→ YOUR OBJECTIVE:
Filter the listing below, please, and copy only the lines with the word "Emergency".

→ EXTRACTED MATERIAL:
*-*-*

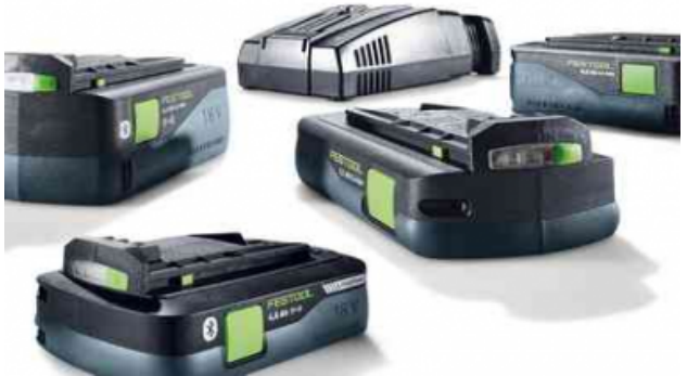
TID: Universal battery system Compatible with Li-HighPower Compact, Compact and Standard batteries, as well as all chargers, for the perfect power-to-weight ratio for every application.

*-*-*

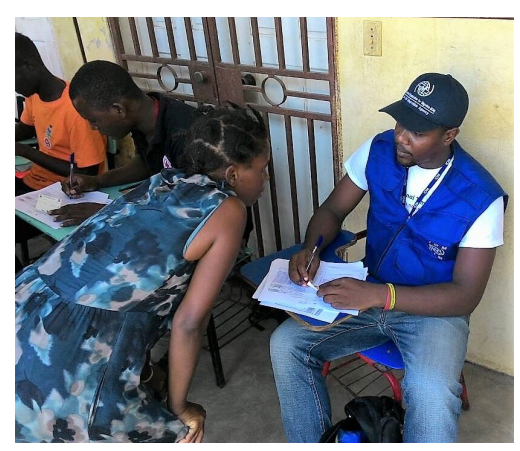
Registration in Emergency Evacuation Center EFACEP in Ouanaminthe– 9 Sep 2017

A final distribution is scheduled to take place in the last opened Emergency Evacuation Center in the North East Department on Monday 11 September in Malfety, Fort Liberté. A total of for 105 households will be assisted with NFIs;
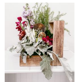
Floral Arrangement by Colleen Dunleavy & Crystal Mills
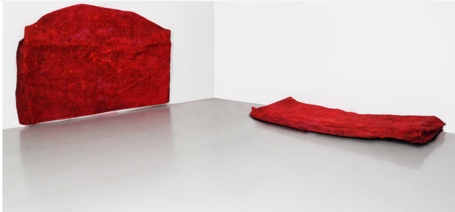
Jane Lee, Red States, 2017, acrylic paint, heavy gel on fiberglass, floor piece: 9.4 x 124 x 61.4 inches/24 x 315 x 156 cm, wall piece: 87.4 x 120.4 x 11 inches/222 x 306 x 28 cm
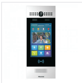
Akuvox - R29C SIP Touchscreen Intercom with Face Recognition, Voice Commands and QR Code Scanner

*-*-*

→ TASK RESPONSE:
Registration in Emergency Evacuation Center EFACEP in Ouanaminthe– 9 Sep 2017
A final distribution is scheduled to take place in the last opened Emergency Evacuation Center in the North East Department on Monday 11 September in Malfety, Fort Liberté. A total of for 105 households will be assisted with NFIs;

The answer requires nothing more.